Para entretener a tu gato como es debido, es importante darle variedad y cosas que hacer. Te presentamos diez trucos para gatos que podéis practicar juntos tú y tu inteligente minino.

Cómo enseñar trucos a gatos: preparados, listos, ¡ya!

El entrenamiento de los trucos para gatos se tiene que preparar bien. Para empezar, la rutina es muy importante. Esto significa que hay que practicar siempre en el mismo sitio y en un entorno totalmente tranquilo. Sin música ni ruidos de fondo, el peludo se concentrará mejor en su misión.

Ten preparada una deliciosa recompensa con la que puedas reforzar positivamente sus progresos. Por ejemplo, puedes darle ricas bolitas de pienso. Así, ya le estarás dando una parte de su ración diaria.

Aunque puedes enseñar trucos a gatos de cualquier edad, los jóvenes no siempre son capaces de concentrarse. Suele ser más fácil a partir de un año de edad aproximadamente.
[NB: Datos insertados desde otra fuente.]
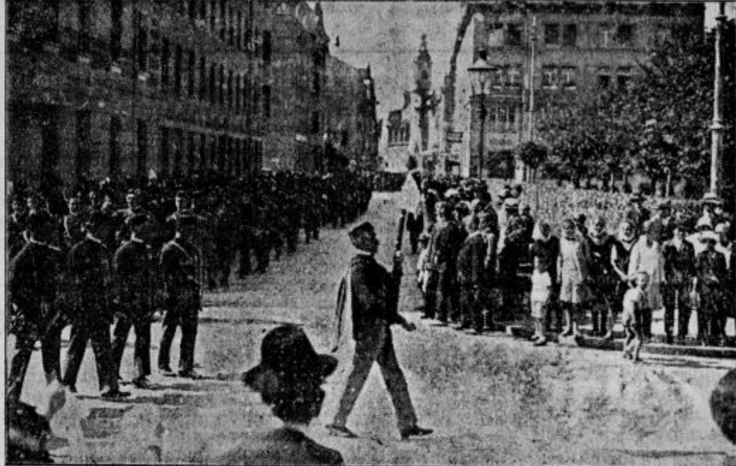
Orli v sprevodu.

slovenske javnosti. Orlovstvo je postalo danes sila, postalo je temelj katoliškega gibanja in up lepše bodočnosti slovenskega naroda. Javni nastopi te naše mladinske organizacije oddalec ne morejo pokazati vsega čistega intenzivnega izobraževalnega, vzgojnega in telesnovzgojnega dela, ki ga vrši s svojo strumno zgrajeno organizacijo po vseh najoddaljenejših vaseh naše slovenske domovine na fantovskih sestankih, na prosvetnih in telovadnih tekmovanjih, na številnih tečajih. Je pa vseeno vsak javni nastop od leta do leta lepši dokaz za disciplino v organizaciji, za enotnost vrst katoliške mladine, dokaz postopnega napredka v telesnovzgojni smeri. Orlovstvo se zaveda velike naloge, ki jo ima kot del katoliškega gibanja, zaveda se dolž-
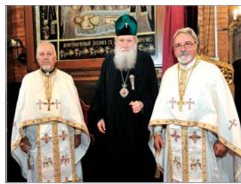
Ваше Високоблагозовейство, скъпи отец Кръстане, Отрано е в гошима празничен ден, в 6-тии благозоевний се прекланеме пред Честния Кръст Господен, да Ви поздравим всесърдечно и всеугодно по случай Вашата благозоевна 85-годишнина! Оце на третия ден след своето раждане в китното софийско село Железница Ви приемате светото Кръщение. От млада возраст сте възпитан религиозно-набствено, като вземате своя кръст и тръвасте след Христа (Марк. 8:34). Бог насочва Вашето ръководство може да предприеме действия, които официално писмено предупреждение към ръководството на медията, прекратяване на сътрудничеството и взаимодествието с нея, бойкотирание на медията и призоваване на върващите към бойкот. Както и обръщане към съответните държавни органи. Серюзен проблем във взаимодействието между Църквата и медияте би била и склонността у отделни медии да търсят сензация и скандал на всяка цена, отглед да задоволят невысокия вкус на своите потребители. Жажда, която Църквата не би могла да приеме и толерира, а оце по-малко да задоволява. Като отчитаме, че светските журналисти все по-компетентно и добросъвестно отразяват живота на Църквата, трябва да отбележим, че има неща, които са недопустими спрямо БПЦ и която и да е друга религиозна организация: оскърбление на религиозните символи, свещените писания, свещените имена и личности, както и на духовенството. Всеки явяващ – мосломинанин, юдеин, християнин – приема особено болезнено оскърбелни действия и изказвания, посегателства върху всичко сакрално за него. Наблюденията ни през последните години на засилен интерес към Църквата, и от страна на обществото, и от страна на медияте, показват, че обичайните материали за Църквата от страна на светските медии са: информация за същността и отбелязването на даден християнски празник, новини за актуални събития от живота на Църквата и публикации, търсещи скандали и сензации. Чести поводи за споменаване на Църквата в светските медии е и участието ѝ в официални светски събития. Тук е мястото да отбележим, че макар през последните години между БПЦ и светската власт да се установиха добри отношения на взаимно уважение и зачитане, не бива да се насажда разбирането, че Църквата е своеобразен придатък към държавния протокол при определени официални събития. Акцентът трябва да си остава върху вярата, нравствеността, духовните теми и събития. Светското общество търси да открие в лицето на представителите на Църквата примера за доброта, безкористност и безусловна любов, състрадание, отговори на вичните и злобулновните проблеми, а за съжаление, не винаги ги открива. Затова ние, свещенослужителите и явяващ църковен народ, сме длъжни да се стараем да бъдем такъв пример за нравствена чистота, кротост, безконфликтност и братоловие. Църквата, в наше лице, трябва да разговаря с широката общественост, защото вичните евангелски истини се нуждаят постоянно от ново осъзнаване, разпространение, популяризиране и действено актуализиране. Ако преди години Църквата и християнството нямаша място в общество, то сега можем да говорим, да присъстваме и участваме свободно в обществената живот. И ако не го правим, вината е само наша. Ние трябва да бъдем открити за отношенията с медияте, да се стремим да говорим на език понятен на съвременните хора – за журналистите и за тези, до които техните материали ще достигнат. И да имаме предвид, че ако ние, църковните люде, сами не говорим за Църквата, за църковния живот, други ще го правят. Колкото и както могат и искат. Снимките са от Квалификационния семинар за журналисти в Троянския манастир, 7-8 юни 2019 г.

Средствата за масова информация (СМИ) играят важна роля в съвременното общество. Те са призвани да поднасят на широките слоеве от обществото коректна и своевременно информация за важни събития от областта на политиката, обществените процеси, културата, традициите, спорта, в това число и от областта на църковния живот и православната вяра, да ориентират хората за случващото се в света и днешната сложна реалност. Но СМИ са не само източник на информация, а и силен и важен инструмент за формиране на общественото съзнание, обществените нагласи, нравствените устои и светогледа на личността. Ого защо те носят отговорността не само да се придържат към истината и проверените факти, но и да се съобразяват с определени нравствени принципи, заложени в етичния кодекс на журналистиката и личната човешка съвест.
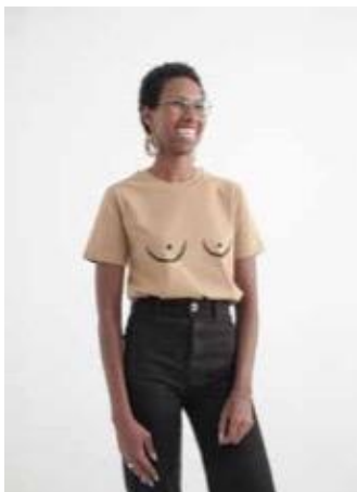
Samarreta Nudista 2015 teta & teta Producció teta & teta, la Coruña Gènere de punt de cotó pintat a mà Donació teta & teta, 2023 MDB FALTA
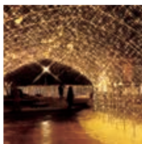
凍てつく冬もほっこり
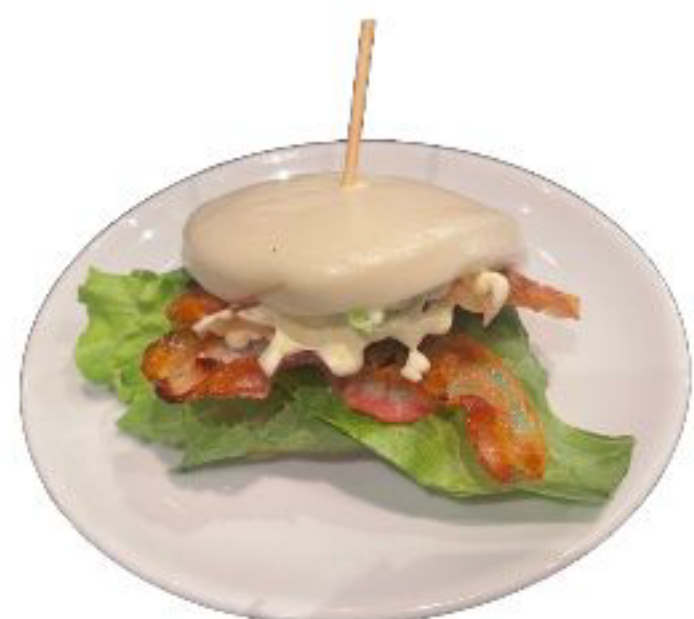
11/BAO BACON bao con bacon, cetrioli,insalata,pomodori e maionese
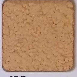
07 D OP, SG, SIG, Σ, O
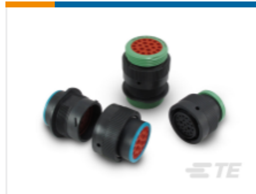
TE 产品编号YHDP26-24-35PEL017 DEUTSCH HDP20 壳体
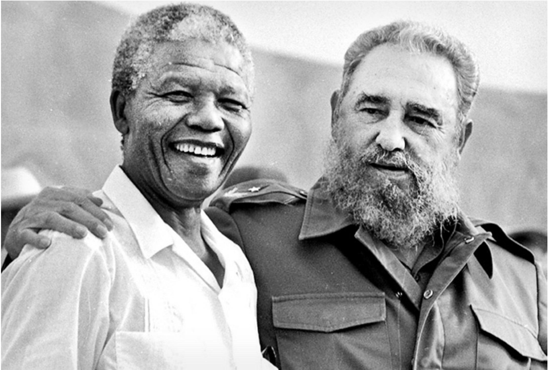
Freunde und Genossen: Nelson Mandela und Fidel Castro bei der Großkundgebung zum Jahrestag des Sturms auf die Moncada-Kaserne 1953 am 26. Juli 1991 in Havanna

■ Seite 2: Zwei Jahrzehnte Widerstand. 1998 begann die Revolution in Venezuela ■ Seite 3: Kubas Triumph. Havanna half entscheidend bei der Befreiung des südlichen Afrika ■ Seite 4: Der Kampf geht weiter. Vor 60 Jahren wurde der Diktator Batista gestürzt ■ Seite 6: Nichts bezahlen. Gespräch über Universitäten in Kuba ■ Seite 8: O-Ton. Fidel Castro über Nelson Mandela

La base de nuestros diez trucos para gatos la constituye el condicionamiento clásico: el gato aprende un comportamiento determinado mediante el refuerzo positivo. La mayoría de mininos ya muestran procesos condicionados en el día a día. Abres el armario de los deliciosos snacks, el bribón oye la puerta y aparece inmediatamente para esperar el ansiado piscolabis. Este principio básico lo puedes utilizar para enseñarle trucos para gatos.

Importante: las órdenes

Antes de empezar, hablemos brevemente sobre cómo introducir las órdenes. Puedes hacerlo cuando el gato ya domine el truco en cuestión. Si durante el entrenamiento estás seguro de que el gato mostrará el comportamiento deseado, dale la orden.
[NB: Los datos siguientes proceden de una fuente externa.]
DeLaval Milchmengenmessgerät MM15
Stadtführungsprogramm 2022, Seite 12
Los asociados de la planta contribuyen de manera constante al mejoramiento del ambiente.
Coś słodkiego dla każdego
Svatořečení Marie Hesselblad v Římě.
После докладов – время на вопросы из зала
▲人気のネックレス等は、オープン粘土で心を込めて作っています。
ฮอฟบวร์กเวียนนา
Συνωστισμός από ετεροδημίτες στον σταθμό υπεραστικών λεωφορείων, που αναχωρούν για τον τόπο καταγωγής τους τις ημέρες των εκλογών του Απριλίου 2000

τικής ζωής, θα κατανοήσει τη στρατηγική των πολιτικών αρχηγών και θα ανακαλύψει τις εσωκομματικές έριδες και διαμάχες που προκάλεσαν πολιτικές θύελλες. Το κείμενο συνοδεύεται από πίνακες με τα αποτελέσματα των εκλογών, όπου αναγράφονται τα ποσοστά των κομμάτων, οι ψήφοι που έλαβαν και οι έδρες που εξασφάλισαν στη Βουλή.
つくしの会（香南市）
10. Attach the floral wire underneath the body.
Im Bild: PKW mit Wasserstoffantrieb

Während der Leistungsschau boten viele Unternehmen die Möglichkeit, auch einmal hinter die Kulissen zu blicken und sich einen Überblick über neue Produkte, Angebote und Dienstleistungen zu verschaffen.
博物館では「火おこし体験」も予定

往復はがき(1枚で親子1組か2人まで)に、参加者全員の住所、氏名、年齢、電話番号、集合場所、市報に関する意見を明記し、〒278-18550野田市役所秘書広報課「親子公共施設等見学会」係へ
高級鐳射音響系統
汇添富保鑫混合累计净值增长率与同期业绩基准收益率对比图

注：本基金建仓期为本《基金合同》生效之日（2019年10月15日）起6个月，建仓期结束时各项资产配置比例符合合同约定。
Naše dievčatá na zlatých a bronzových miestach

Esta puede ser verbal (usando siempre el mismo tono de voz) o haciendo siempre el mismo gesto con la mano. Practica hasta que el gato muestre el comportamiento deseado al oír la orden. Pero recuerda que la diversión siempre tiene que estar en primer plano.

Importante: Si el gato ha aprendido una orden con éxito, recompénsalo solo cuando haga el truco al oír la orden. No lo recompenses cuando lo haga por sí solo.
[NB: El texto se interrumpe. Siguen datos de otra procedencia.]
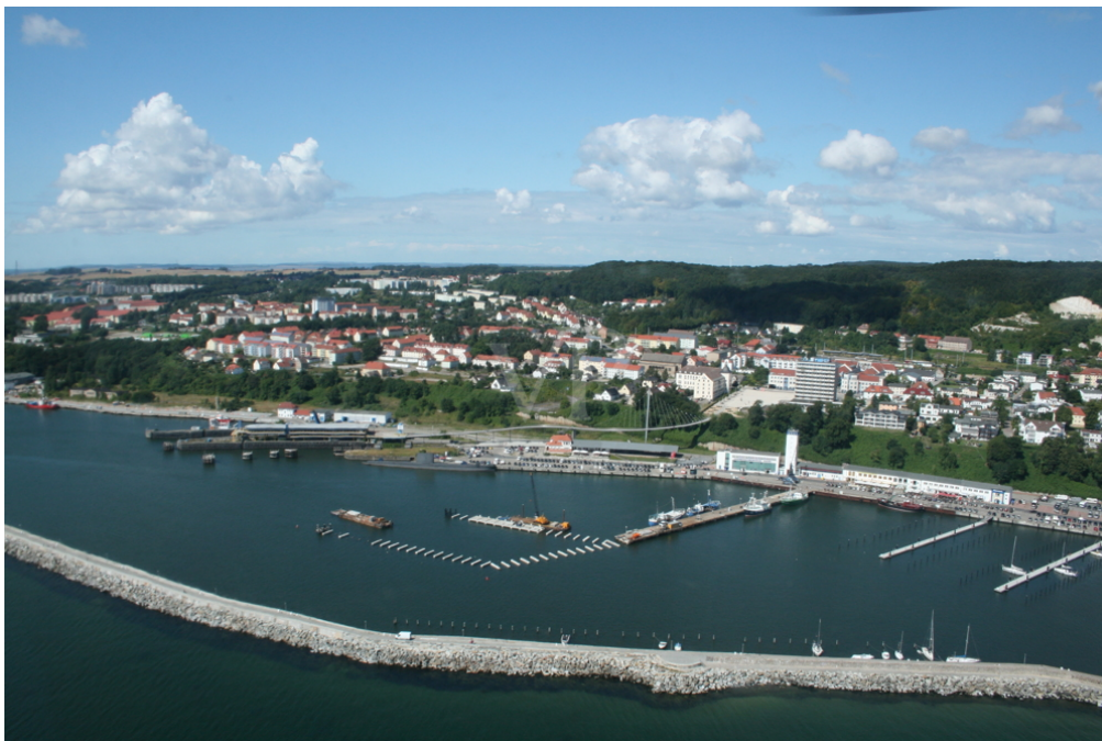
Neubau Apartment Hotel

Diez trucos para gatos estupendos

Que el gato vaya abriendo boca

A primera vista, este truco es el menos espectacular, pero constituye la base de nuestro entrenamiento. Con él asociarás una deliciosa recompensa con un ruido, nuestro refuerzo positivo.

Por ejemplo, puede ser un clicker o un sonido breve que hagas con los labios. Procura que el ruido siempre sea igual para que el gato lo reconozca.

¿Cómo condicionamos a nuestro aterciopelado amigo? Siéntate enfrente y tira una chuchería que le guste. Probablemente dejará todo lo que está haciendo para ir a buscarla. Mientras el tigrecillo disfruta del manjar, tú emites la señal acústica. Repite esto varias veces hasta que el gato aprenda que este sonido significa que se ha ganado un premio.

Este condicionamiento es siempre el primero y es importante que el gato lo interiorice. Repite el ejercicio varios días consecutivos hasta que quede claro que el gato ha aprendido el principio.

Si solo emites la señal acústica durante el entrenamiento y el gato, expectante, te regala toda su atención, sabrás que el condicionamiento ha sido un éxito. ¡Ya puedes continuar!

Saltar

Cuando el gato esté delante de ti, sujeta un aro cerca del suelo frente a él y atráelo con una golosina a través del agujero. Ten paciencia si se muestra escéptico al principio con este truco. Si atraviesa el agujero fácilmente, sube un poco el aro y aumenta la dificultad paulatinamente hasta que tenga que saltar para atravesarlo. Si pasa por debajo, da un paso atrás en el ejercicio.

Atención: Sostén el aro a una altura a la que pueda saltar fácilmente y asegúrate de que el suelo no resbale.

Consejo: como variante, puedes hacer que el gato salte sobre tu brazo extendido. Si los trucos funcionan, puedes seguir haciéndolos con el gesto (aro o brazo) o introducir una orden, como ¡salta!

Eslalon

Para hacer eslalon hace falta, además de un vínculo estrecho entre persona y gato, un poco de coordinación de ambos. El objetivo es que el gato camine entre las piernas abiertas de su humano.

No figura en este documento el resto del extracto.